For this page, "safe and secure AI" should be read as a research and governance program, not a certification claim. A paper, course, benchmark, or standards initiative can improve the evidence base, but deployed systems still need version-specific threat models, evaluations, permissions, monitoring, incident response, and independent review.

Snapshot

Current Context

As of June 23, 2026, Song's public research identity is not only "AI researcher" or "security researcher." UC Berkeley EECS lists her interests as AI safety and security, Agentic AI, deep learning, security and privacy, and decentralization technology. Her homepage lists current research thrusts in AI safety and security and frontier AI for program synthesis and cybersecurity, and recent teaching on large-language-model agents, advanced LLM agents, responsible generative AI, and AI safety foundations.

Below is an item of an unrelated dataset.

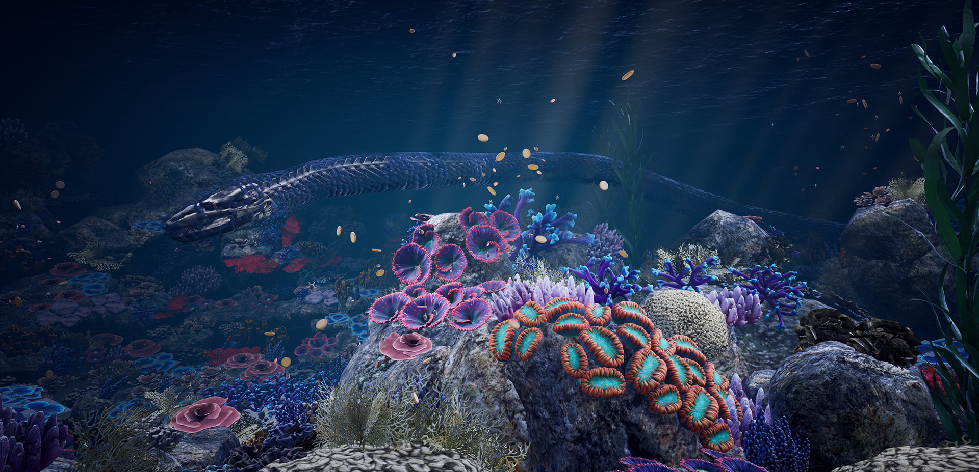 ↑圖說:互動VR《星砂》則以創新互動體驗,帶領觀眾走進虛擬的海洋祕境。(圖片來源:高雄市電影館提供)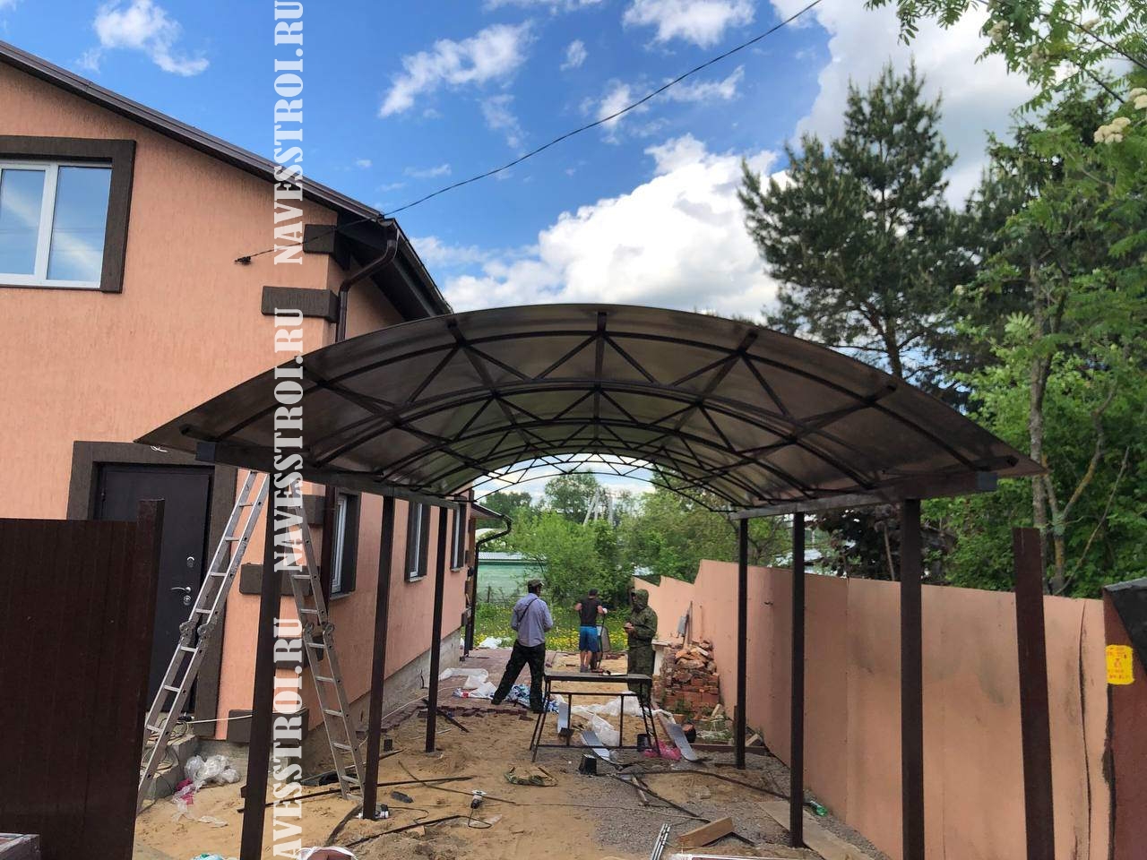 За день на даче изготовили арочный навес 5 на 7 с покрытием поликарбоната. Привезли уже готовые крашенные фермы и весь остальной материал. Все за собой убрали и увезли мусор. Молодцы!

Berkeley RDI's current site frames the center around responsible decentralized intelligence, AI, Agentic AI, education, research, and entrepreneurship. Its public programs, including agentic-AI courses and the AgentX-AgentBeats competition, place evaluation, benchmarks, and agent infrastructure near the center of Song's institutional context. RDI's participation and funding metrics should be cited as self-published institutional metrics, not audited evidence of field adoption.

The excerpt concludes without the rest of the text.